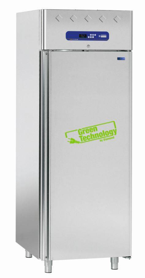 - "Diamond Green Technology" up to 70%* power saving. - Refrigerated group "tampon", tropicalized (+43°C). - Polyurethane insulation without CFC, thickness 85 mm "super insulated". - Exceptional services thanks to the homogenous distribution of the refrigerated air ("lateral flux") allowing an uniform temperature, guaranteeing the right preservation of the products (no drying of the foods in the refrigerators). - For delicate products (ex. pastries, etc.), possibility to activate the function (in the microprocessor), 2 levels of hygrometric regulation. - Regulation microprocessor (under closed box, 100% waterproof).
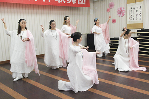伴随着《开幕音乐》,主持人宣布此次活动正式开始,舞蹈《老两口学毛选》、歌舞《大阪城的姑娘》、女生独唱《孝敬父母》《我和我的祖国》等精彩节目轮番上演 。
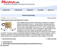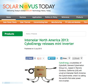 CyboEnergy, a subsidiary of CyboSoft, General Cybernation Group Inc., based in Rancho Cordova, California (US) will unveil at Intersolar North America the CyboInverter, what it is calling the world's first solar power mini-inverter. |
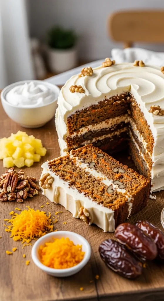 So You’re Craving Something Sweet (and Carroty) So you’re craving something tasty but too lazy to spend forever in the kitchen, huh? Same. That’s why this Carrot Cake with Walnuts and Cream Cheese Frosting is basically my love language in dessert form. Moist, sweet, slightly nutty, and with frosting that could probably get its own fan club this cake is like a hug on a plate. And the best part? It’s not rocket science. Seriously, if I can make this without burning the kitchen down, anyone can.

=======

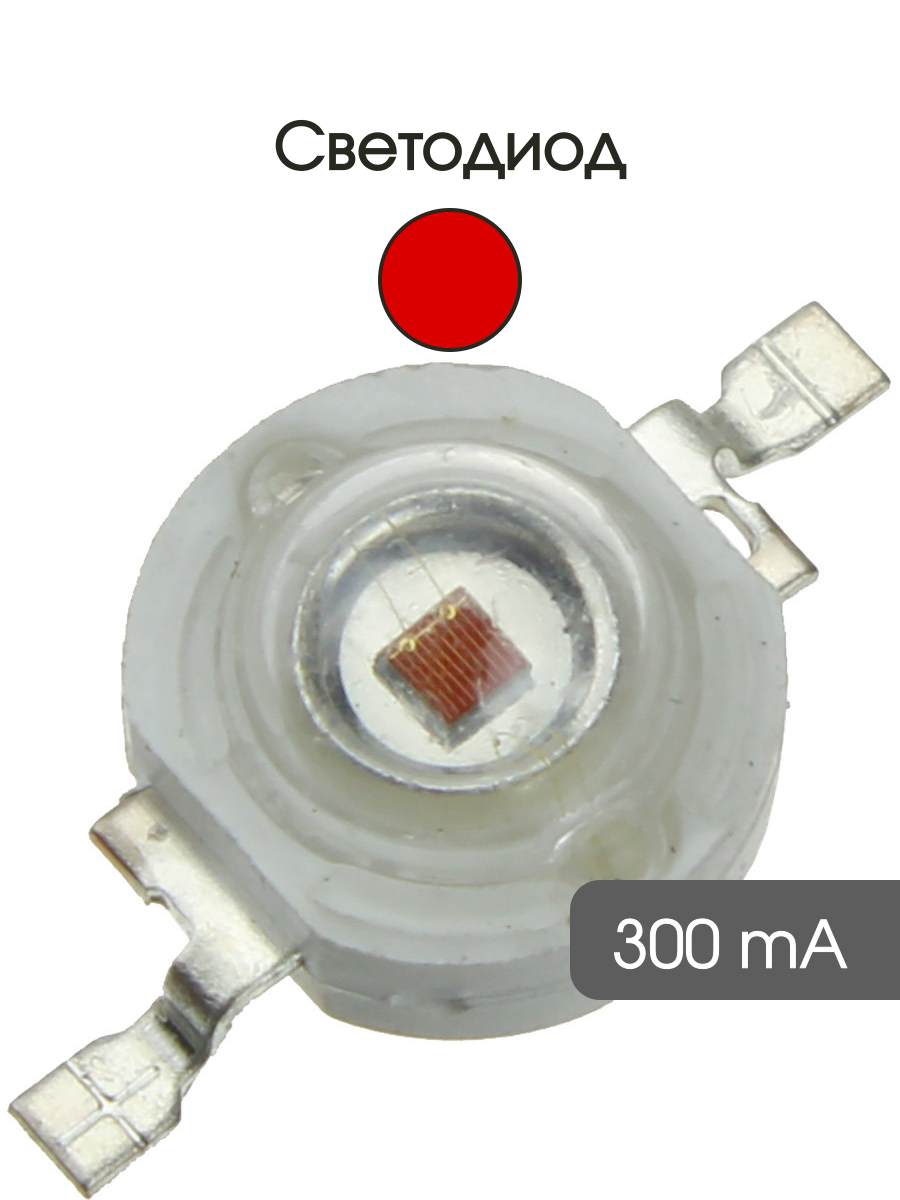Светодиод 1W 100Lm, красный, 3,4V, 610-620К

=======

**YOUR GOAL**. What belongs in the answer is each line above from the line with "伴随着《开幕音乐》,主持人宣" to the line with "So You’re Craving Something Sweet", inclusive, reproduced exactly and free of pictures.

**RESULT**.
伴随着《开幕音乐》,主持人宣布此次活动正式开始,舞蹈《老两口学毛选》、歌舞《大阪城的姑娘》、女生独唱《孝敬父母》《我和我的祖国》等精彩节目轮番上演 。
 CyboEnergy, a subsidiary of CyboSoft, General Cybernation Group Inc., based in Rancho Cordova, California (US) will unveil at Intersolar North America the CyboInverter, what it is calling the world's first solar power mini-inverter. |
 So You’re Craving Something Sweet (and Carroty) So you’re craving something tasty but too lazy to spend forever in the kitchen, huh? Same. That’s why this Carrot Cake with Walnuts and Cream Cheese Frosting is basically my love language in dessert form. Moist, sweet, slightly nutty, and with frosting that could probably get its own fan club this cake is like a hug on a plate. And the best part? It’s not rocket science. Seriously, if I can make this without burning the kitchen down, anyone can.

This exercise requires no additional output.